Почему святые летали на крыльях, имели такую удивительную благодать? Потому, что был великий подвиг. Но они эту благодать взяли не подвигом, они подвигом познали свою немощь и смирились. А поскольку познали свою немощь в самых последних ее безднах и глубинах, то и смирились, что называется, до зела. А потому и нищета их самая глубокая, искренняя и подлинная; и благодати очень много. Вот такой парадокс. Поэтому говорить, что ничего не делать, это просто не про то вообще. Но сколько бы вы ни делали, ничего не добьетесь. Вы добьетесь в любом случае только одного результата – познаете, что ничего не можете. И это здорово, потому что именно с этого и начинается спасение.

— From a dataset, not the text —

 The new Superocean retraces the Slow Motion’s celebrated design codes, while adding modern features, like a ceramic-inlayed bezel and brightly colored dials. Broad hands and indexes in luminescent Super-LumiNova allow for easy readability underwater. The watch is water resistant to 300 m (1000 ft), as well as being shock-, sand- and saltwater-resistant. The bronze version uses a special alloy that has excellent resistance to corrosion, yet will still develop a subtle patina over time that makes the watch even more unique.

Во-вторых, вопрос о границах и о месте моей свободы, который поднимает в этом слове преподобный Ефрем Сирин, и говорит о том, что какая-то свобода человеку доступна и возможна. Процитирую еще раз кусочек 166-го абзаца: Свобода, возможная человеку, состоит только в решимости или нерешимости противостоять дьяволу; при возможности же такой противиться, не имеет он совершенной власти над страстями. То есть человек имеет или не имеет решимость сопротивляться всем прилогам врага. Только решимость, а власть или силу победить наносимые им искушения он не может иметь. Он готов до конца стоять за Христа – вот то, что он может сделать. Но будет он стоять или не будет, решает не он, а благодать. Но если он не решит стоять до конца, то и благодати не будет. Ей некуда падать, не за что цепляться, не на что бросать свои семена, нечего использовать для того, чтобы сопротивляться искушению.

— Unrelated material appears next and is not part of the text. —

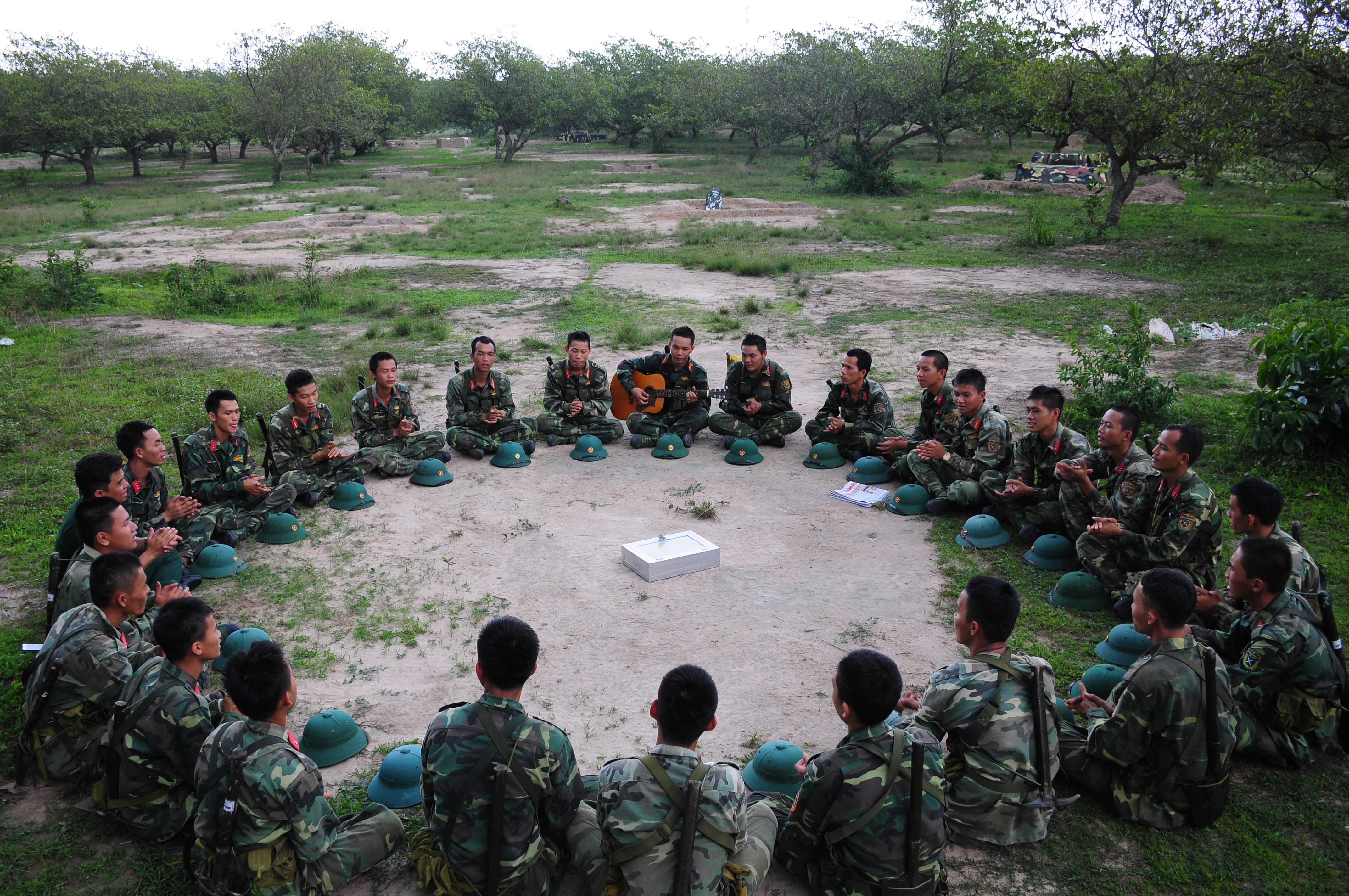Giờ giải lao  trên thao trường của cán bộ, chiến sĩ Tiểu đoàn 7, Trung đoàn 271.

Человек подумал: «Все равно я никогда не справлюсь с прилогом пьянства». И пьет. Но стоит ему однажды принять решимость: «Нет, я больше так не могу, Господи, я больше так не хочу, вытащи меня», – и в нем рождается решимость: «Лучше умру, но пить не буду». На эту решимость может пасть благодать, может не пасть. Но теперь может пасть, раньше даже и падать было некуда. Это была просто асфальтовая дорога, там все равно ничего не проросло бы. А теперь появилась трещинка – можно туда бросить семечко, и асфальт будет сломан и разрушен, и через полгода или тридцать лет здесь будет поле, поросшее быльем. От асфальта не останется ничего. Но этого может и не быть.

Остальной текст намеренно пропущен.